- **SUPPLIED DATA**
····················
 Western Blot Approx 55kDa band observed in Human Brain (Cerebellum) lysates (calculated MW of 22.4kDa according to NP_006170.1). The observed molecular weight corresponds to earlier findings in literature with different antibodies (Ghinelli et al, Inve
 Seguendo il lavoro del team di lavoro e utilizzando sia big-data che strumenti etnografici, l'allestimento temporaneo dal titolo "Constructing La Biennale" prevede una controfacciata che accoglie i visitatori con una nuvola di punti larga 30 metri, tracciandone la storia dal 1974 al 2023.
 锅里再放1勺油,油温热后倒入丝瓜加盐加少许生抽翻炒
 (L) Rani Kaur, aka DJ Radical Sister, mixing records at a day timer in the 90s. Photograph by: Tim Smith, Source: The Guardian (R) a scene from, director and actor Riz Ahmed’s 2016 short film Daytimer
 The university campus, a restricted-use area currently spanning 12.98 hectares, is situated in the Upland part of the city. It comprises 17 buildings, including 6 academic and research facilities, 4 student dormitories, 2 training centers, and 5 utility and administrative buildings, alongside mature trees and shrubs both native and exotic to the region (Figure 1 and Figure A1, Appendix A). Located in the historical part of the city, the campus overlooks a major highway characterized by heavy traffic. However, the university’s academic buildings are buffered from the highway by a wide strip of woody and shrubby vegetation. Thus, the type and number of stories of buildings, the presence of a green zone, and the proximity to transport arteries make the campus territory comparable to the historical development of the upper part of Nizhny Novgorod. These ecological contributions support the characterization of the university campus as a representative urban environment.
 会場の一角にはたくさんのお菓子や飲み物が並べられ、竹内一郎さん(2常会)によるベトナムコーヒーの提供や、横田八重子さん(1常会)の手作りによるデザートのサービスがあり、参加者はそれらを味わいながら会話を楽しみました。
····················
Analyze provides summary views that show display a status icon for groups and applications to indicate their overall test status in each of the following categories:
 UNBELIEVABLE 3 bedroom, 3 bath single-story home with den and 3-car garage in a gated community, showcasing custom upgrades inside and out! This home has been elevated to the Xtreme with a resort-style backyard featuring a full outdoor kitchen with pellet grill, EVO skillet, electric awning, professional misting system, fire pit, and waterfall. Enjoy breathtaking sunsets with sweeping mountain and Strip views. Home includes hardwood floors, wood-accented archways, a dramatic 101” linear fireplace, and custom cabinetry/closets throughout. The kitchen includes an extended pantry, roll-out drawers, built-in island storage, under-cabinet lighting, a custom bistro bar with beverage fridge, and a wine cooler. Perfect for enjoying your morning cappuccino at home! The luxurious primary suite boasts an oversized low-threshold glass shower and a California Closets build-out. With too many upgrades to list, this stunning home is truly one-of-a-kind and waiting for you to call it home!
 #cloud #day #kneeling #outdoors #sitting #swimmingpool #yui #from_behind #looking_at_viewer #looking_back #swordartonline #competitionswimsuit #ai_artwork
····················
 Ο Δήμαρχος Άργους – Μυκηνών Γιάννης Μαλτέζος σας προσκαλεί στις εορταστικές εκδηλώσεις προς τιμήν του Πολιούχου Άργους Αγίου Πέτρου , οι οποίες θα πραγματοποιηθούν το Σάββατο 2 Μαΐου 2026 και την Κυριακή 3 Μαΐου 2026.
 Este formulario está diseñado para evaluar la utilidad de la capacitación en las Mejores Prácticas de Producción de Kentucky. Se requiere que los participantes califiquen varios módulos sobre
····················
- **WHAT IS REQUIRED**
Please go line by line through the records above, copying each one that holds the string "with".

- **COMPLETED TASK**
 Western Blot Approx 55kDa band observed in Human Brain (Cerebellum) lysates (calculated MW of 22.4kDa according to NP_006170.1). The observed molecular weight corresponds to earlier findings in literature with different antibodies (Ghinelli et al, Inve
 UNBELIEVABLE 3 bedroom, 3 bath single-story home with den and 3-car garage in a gated community, showcasing custom upgrades inside and out! This home has been elevated to the Xtreme with a resort-style backyard featuring a full outdoor kitchen with pellet grill, EVO skillet, electric awning, professional misting system, fire pit, and waterfall. Enjoy breathtaking sunsets with sweeping mountain and Strip views. Home includes hardwood floors, wood-accented archways, a dramatic 101” linear fireplace, and custom cabinetry/closets throughout. The kitchen includes an extended pantry, roll-out drawers, built-in island storage, under-cabinet lighting, a custom bistro bar with beverage fridge, and a wine cooler. Perfect for enjoying your morning cappuccino at home! The luxurious primary suite boasts an oversized low-threshold glass shower and a California Closets build-out. With too many upgrades to list, this stunning home is truly one-of-a-kind and waiting for you to call it home!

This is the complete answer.